Prasugrel was found to exceed clopidogrel in terms of platelet inhibition (Hermanides et al, 2018), and is particularly efficient when no previous P2Y12 antagonists have already been administered, particularly when PCI is indicated (Chew et al, 2016). In the context of PCI, prasugrel should be administered immediately (Chew et al, 2016).
Discussion
The risks and benefits of the administration of clopidogrel in the prehospital setting are still under examination, which may be why only a small number of statutory ambulance services include it in their clinical protocols.
As various trials show, clopidogrel significantly reduces mortality without increasing bleeding intensity significantly. The use of clopidogrel in the prehospital environment, although reasonably safe, effective and easily administered, is more beneficial over long periods; this lends support to the use of other drugs, such as ticagrelor when transport durations are shorter (Ducci et al, 2013: 4814–4816).
Studies indicate that, although clopidogrel is effective, particularly in conjunction with aspirin or other fibrinolytic medications, ticagrelor and prasugrel are more potent, predictable and suitable for recurrent events, resulting in better clinical outcomes (Chew et al, 2016). As a result, ticagrelor and prasugrel are recommended as the firstline treatment in pPCI (Chew et al, 2016) for STEMI patients in metropolitan and inner regional zones.
Clopidogrel is more commonly used in conjunction with fibrinolysis and when ticagrelor and prasugrel are contraindicated (Nickson, 2019).

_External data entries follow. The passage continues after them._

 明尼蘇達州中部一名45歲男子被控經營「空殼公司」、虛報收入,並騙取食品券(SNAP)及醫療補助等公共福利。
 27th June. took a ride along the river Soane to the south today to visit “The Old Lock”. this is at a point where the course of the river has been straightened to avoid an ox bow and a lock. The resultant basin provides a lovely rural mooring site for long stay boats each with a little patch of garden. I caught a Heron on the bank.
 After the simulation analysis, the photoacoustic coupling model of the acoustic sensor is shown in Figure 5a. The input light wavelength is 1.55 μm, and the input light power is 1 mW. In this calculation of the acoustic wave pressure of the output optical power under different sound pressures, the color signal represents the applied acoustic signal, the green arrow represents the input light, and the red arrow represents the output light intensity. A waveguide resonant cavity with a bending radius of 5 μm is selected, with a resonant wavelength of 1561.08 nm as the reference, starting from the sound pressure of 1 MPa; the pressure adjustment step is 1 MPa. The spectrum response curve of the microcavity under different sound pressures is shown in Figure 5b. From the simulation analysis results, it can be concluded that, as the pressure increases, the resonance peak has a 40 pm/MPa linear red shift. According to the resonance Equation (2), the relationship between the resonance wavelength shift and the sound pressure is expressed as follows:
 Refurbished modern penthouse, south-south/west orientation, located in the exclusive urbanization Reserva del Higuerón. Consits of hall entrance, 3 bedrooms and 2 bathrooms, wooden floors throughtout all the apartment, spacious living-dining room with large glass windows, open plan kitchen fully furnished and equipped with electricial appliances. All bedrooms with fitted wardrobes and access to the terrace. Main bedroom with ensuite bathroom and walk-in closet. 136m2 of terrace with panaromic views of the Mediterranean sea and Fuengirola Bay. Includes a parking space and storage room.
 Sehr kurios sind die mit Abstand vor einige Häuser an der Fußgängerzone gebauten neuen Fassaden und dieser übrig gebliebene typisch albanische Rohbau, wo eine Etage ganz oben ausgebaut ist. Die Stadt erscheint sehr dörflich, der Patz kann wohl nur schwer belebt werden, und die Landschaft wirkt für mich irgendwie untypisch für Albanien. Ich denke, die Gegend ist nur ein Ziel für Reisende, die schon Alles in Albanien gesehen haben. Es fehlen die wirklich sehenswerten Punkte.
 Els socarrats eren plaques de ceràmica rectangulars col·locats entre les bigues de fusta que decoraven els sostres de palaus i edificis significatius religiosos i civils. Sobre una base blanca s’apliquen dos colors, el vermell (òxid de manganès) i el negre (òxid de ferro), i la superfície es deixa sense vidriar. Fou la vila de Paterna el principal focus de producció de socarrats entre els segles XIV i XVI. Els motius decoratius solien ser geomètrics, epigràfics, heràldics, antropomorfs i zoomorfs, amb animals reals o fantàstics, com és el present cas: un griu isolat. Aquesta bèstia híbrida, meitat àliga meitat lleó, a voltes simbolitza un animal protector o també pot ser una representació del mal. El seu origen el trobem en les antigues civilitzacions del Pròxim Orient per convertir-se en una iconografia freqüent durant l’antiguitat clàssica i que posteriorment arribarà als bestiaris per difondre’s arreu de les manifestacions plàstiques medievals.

The present review endorses that clopidogrel is most beneficial where there is a long distance between the patient scene and the hospital, which makes it a preferable anticoagulant in outer regional, rural and remote sectors.
Some aspects of clopidogrel, such as its concurrent use with morphine and the effectiveness of administration by paramedics within the prehospital setting, require further research.
Conclusion
Research leans towards the ongoing use of clopidogrel in the prehospital environment as an effective antiplatelet pharmacological intervention. However, further comprehensive studies need to be conducted to determine which antiplatelet medication (i.e. clopidogrel, ticagrelor or prasugrel) is suitable and whether there is substantial benefit to the early administration of P2Y12 inhibitors in the prehospital setting for the ongoing management of STEMI (for both PCI and fibrinolysis).

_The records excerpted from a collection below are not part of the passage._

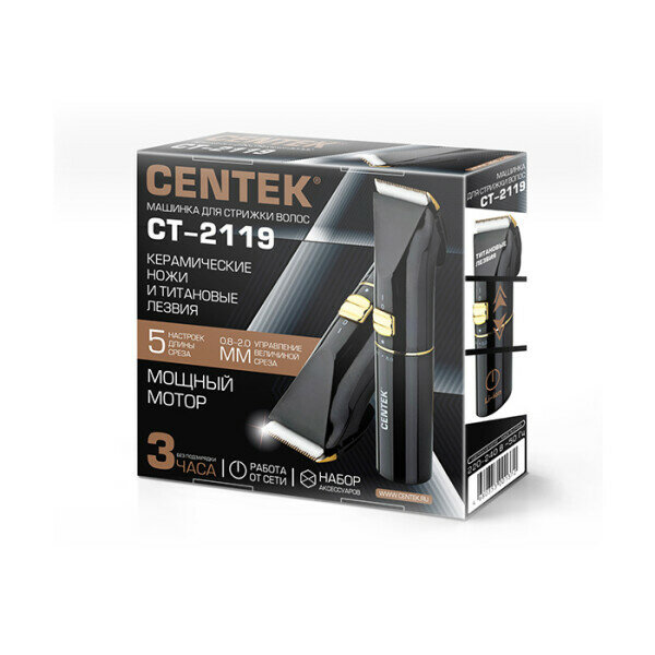 Машинка для стрижки Centek CT-2119 (черный/золотой) сеть/аккум, ножититан+керамика, 180 мин от батареи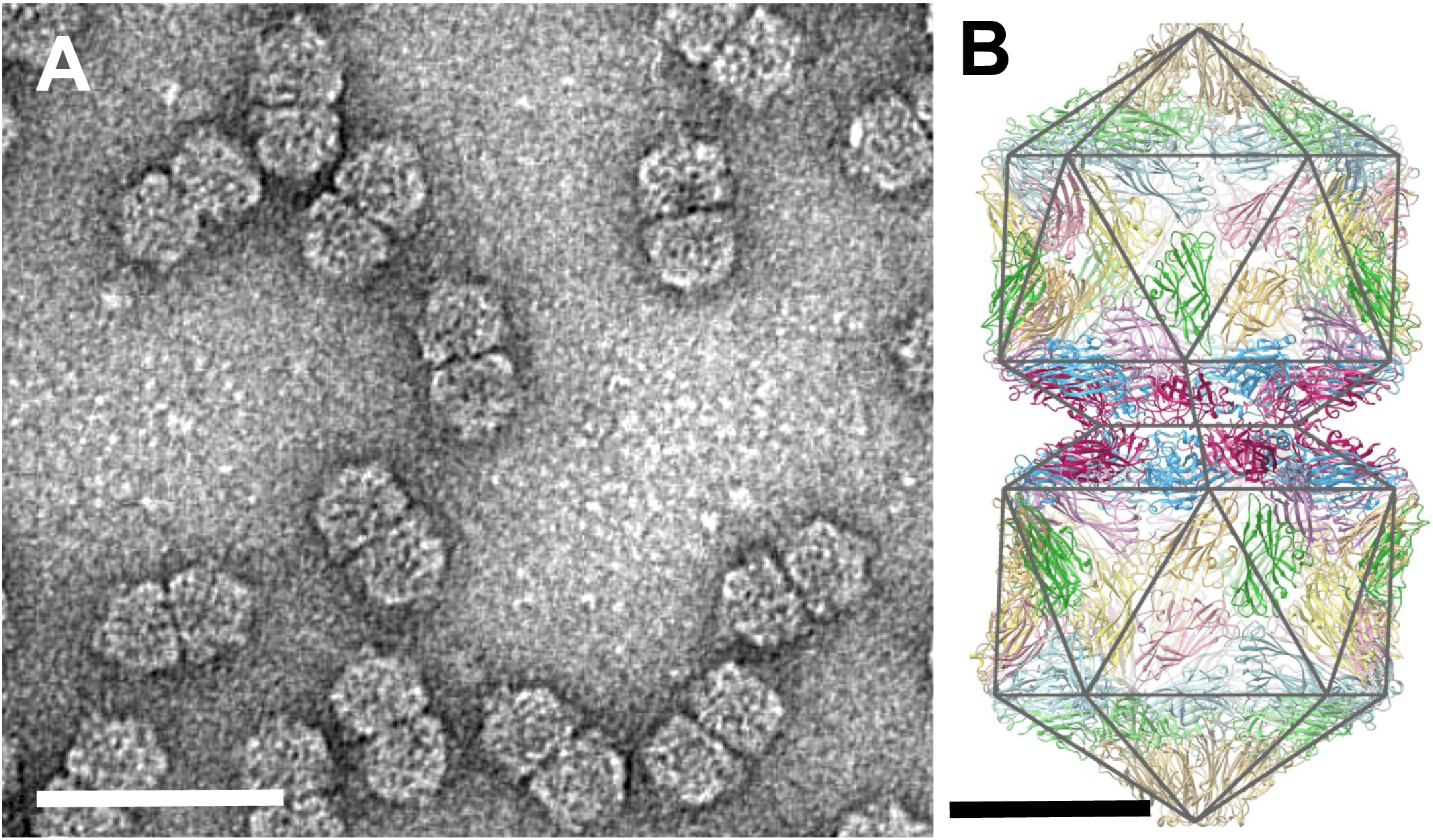 | Figure 1. Geminiviridae. (A) Purified particles of maize streak virus (MSV) stained with uranyl acetate showing typical twinned quasi-isometric subunits. The bar represents 50 nm. Reproduced with permission from (Zhang et al., 2001). (B) Complete atomic model for all 110 subunits in the capsid of Ageratum yellow vein virus (AYVV), with a polyhedral cage showing the symmetry of the particle. The fivefold symmetry axis is vertical and through the center of the particle in this view. Bar, 10 nm. CC BY 4.0 licence from (Hesketh et al., 2018). |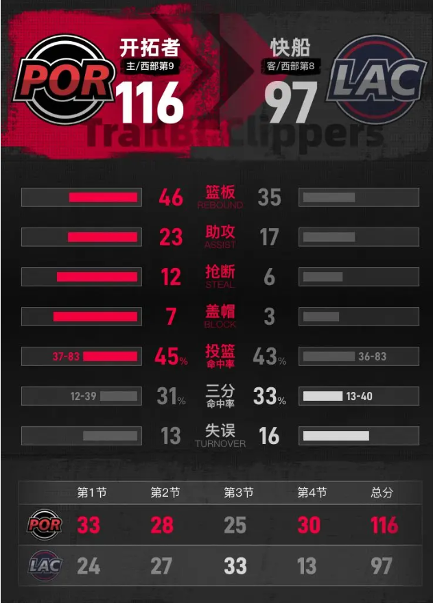 进入第四节,快船开局连得4分完成反超,开拓者迅速调整,霍勒迪两罚全中追平比分,威廉姆斯两次空切扣篮得分,阿夫迪亚连续冲击内线拿分,逐步拉开分差。洛佩斯命中三分缩小差距,阿夫迪亚连续罚中后又突破得分,分差拉开到10分,随后阿夫迪亚再中三分,分差扩大到16分,开拓者牢牢掌握比赛主动权,最终主场116-97击败快船。

The objective of this study, however, was to review the safety and efficacy of clopidogrel administration within the prehospital environment for the management of STEMI, and to examine whether this drug should be incorporated into ambulance services internationally.
Although the benefits of clopidogrel administration are unlikely to be realised in the prehospital setting, it is clear from this study that the early administration of clopidogrel, such as by paramedics, is required to optimise onset duration, without the risk of clinically significant bleeding or secondary events.
Clopidogrel within the prehospital setting should ideally be used in regional locations to support the ongoing care, interventions and recovery of the patient well after paramedics have transferred them to definitive care, particularly when complemented within a combination of therapies (e.g. enoxaparin, aspirin, fibrinolysis or PCI) in the management of STEMI.